All of the data that follows is to be written out exactly, with images excluded.

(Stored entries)
BEGIN
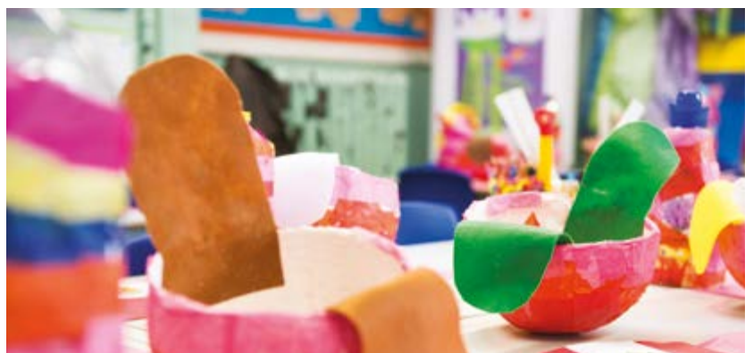
Comber Grove Primary School, Southwark, London.
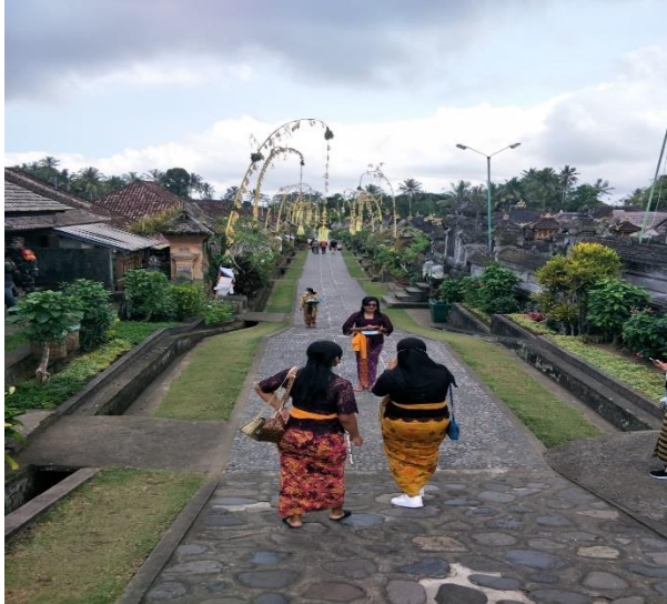
Picture 3 Tourists are selvy

ideologies, the implication is that the culture of the Penglipuran traditional village needs to be preserved (conservation) and developed for civility and prosperity of traditional manners.
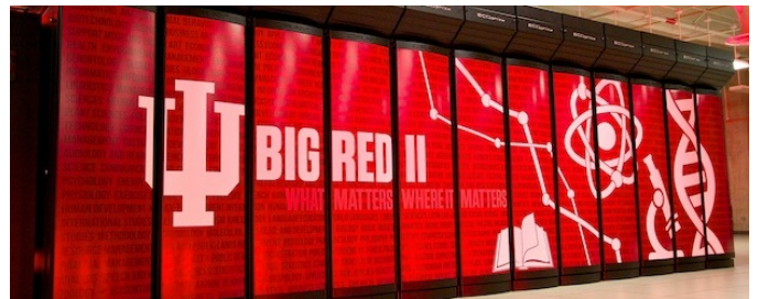
Figure 1: Big Red II in the IU data center.

Big Red II is the flagship supercomputer of the university; but there are other HPC machines at IU. They are Karst (a high throughput and serial jobs cluster) and Mason (which is designed for high memory jobs). In addition, IU also runs Jetstream [31, 33] and Wrangler [17] that are part of the XSEDE [38] national cyberinfrastructure. These two systems are available to researchers across the country through an allocation system. In addition to the compute resources, we have storage systems that make it possible to use the supercomputers at scale. HPC users produce large amounts of data during their runs that require a huge number of I/O operations. The Data Capacitor II [6] filesystem is 6 PB parallel file system that can support this kind of usage. There is a home file system for more permanent storage for data that is used day to day and a 15 PB tape archive for archival needs.
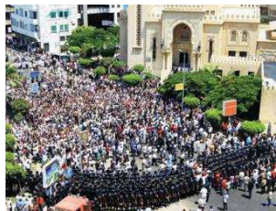
Figure 3. An Image of a Protest in the Egyptian City of Alexandria

A protest of thousands of people demanding an end to police brutality and torture passed through the streets of the Egyptian city of Alexandria on Friday
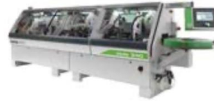
Edge Banding Machine
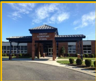
Sheffey Elementary School
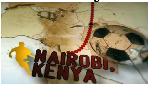
For Entry 1 to Entry 2 Learners

CAMDEN 020 7974 1618 esol@camden.gov.uk www.camden.gov.uk/esol
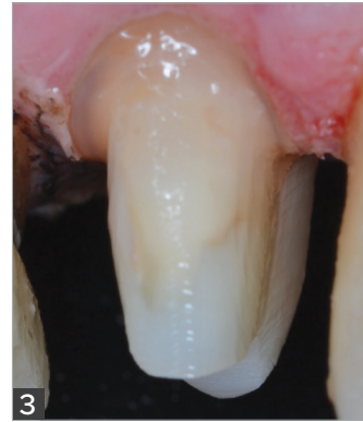
3 Final preparation. Note the smoothness of preparation with perfect blending between dentin and Zircules. Also, no ditching is present on preparation due to the mechanical properties of Zircules which cuts just like dentin.
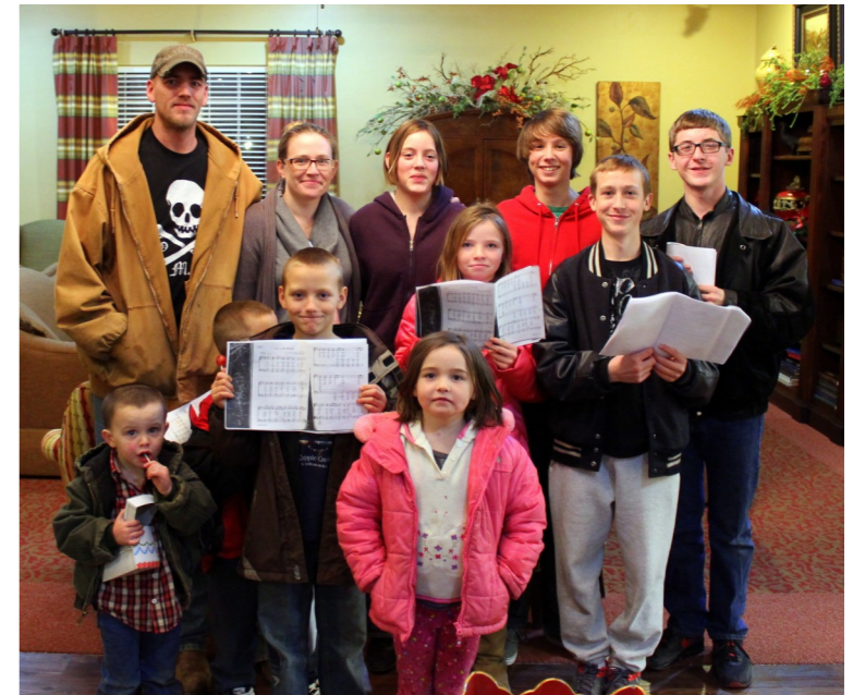
Christmas Caroling & Santa Claus
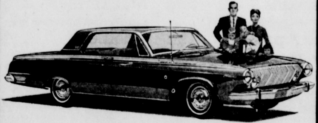
... OR FIVE FULL YEARS

Whether you measure it in miles, months or mopets, the warranty on the '63 Dodge is the longest in the industry. It holds good for a full five years or 50,000 miles, whichever comes first.
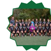
Girls Varsity Soccer Team
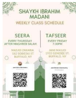
Tafseer Halaqa Every Friday@ 7:30 PM
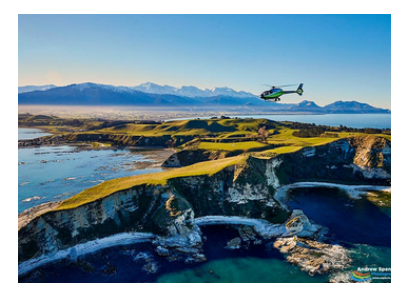
Soar above and with scenic flights either by helicopter or plane over the Kaikōura ranges
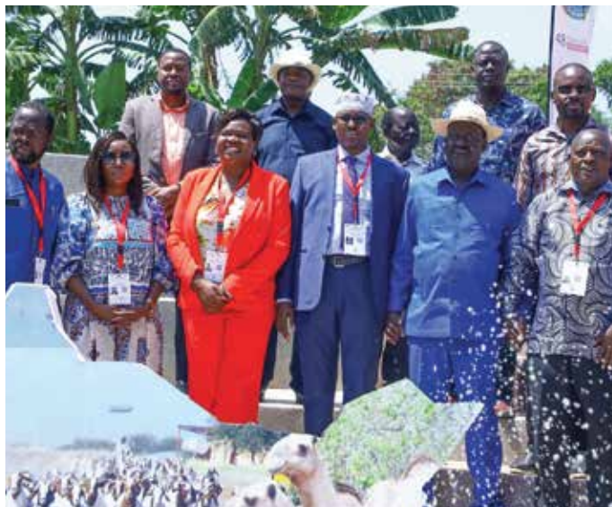
Rt. Hon Raila Odinga, flanked by the CoG pose for a photo at the Arboretum Amphitheater
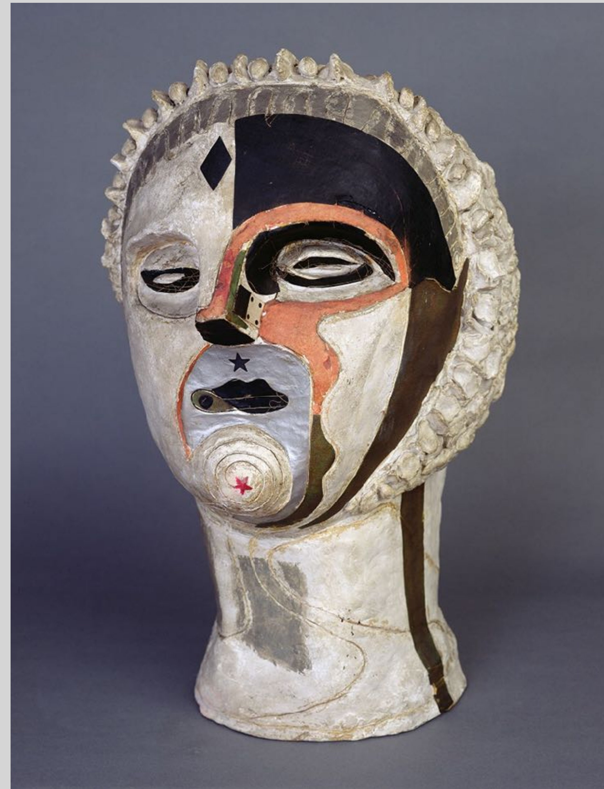
Angel of Mercy / Eileen Agar / 1934 / Plaster with collage

https://blog.fabrics-store.com/2019/08/13/eileen-agar-monsters-and-angels/
END
(Solution)
Comber Grove Primary School, Southwark, London.
Picture 3 Tourists are selvy

ideologies, the implication is that the culture of the Penglipuran traditional village needs to be preserved (conservation) and developed for civility and prosperity of traditional manners.
Figure 1: Big Red II in the IU data center.

Big Red II is the flagship supercomputer of the university; but there are other HPC machines at IU. They are Karst (a high throughput and serial jobs cluster) and Mason (which is designed for high memory jobs). In addition, IU also runs Jetstream [31, 33] and Wrangler [17] that are part of the XSEDE [38] national cyberinfrastructure. These two systems are available to researchers across the country through an allocation system. In addition to the compute resources, we have storage systems that make it possible to use the supercomputers at scale. HPC users produce large amounts of data during their runs that require a huge number of I/O operations. The Data Capacitor II [6] filesystem is 6 PB parallel file system that can support this kind of usage. There is a home file system for more permanent storage for data that is used day to day and a 15 PB tape archive for archival needs.
Figure 3. An Image of a Protest in the Egyptian City of Alexandria

A protest of thousands of people demanding an end to police brutality and torture passed through the streets of the Egyptian city of Alexandria on Friday
Edge Banding Machine
Sheffey Elementary School
For Entry 1 to Entry 2 Learners

CAMDEN 020 7974 1618 esol@camden.gov.uk www.camden.gov.uk/esol
3 Final preparation. Note the smoothness of preparation with perfect blending between dentin and Zircules. Also, no ditching is present on preparation due to the mechanical properties of Zircules which cuts just like dentin.
Christmas Caroling & Santa Claus
... OR FIVE FULL YEARS

Whether you measure it in miles, months or mopets, the warranty on the '63 Dodge is the longest in the industry. It holds good for a full five years or 50,000 miles, whichever comes first.
Girls Varsity Soccer Team
Tafseer Halaqa Every Friday@ 7:30 PM
Soar above and with scenic flights either by helicopter or plane over the Kaikōura ranges
Rt. Hon Raila Odinga, flanked by the CoG pose for a photo at the Arboretum Amphitheater
Angel of Mercy / Eileen Agar / 1934 / Plaster with collage

https://blog.fabrics-store.com/2019/08/13/eileen-agar-monsters-and-angels/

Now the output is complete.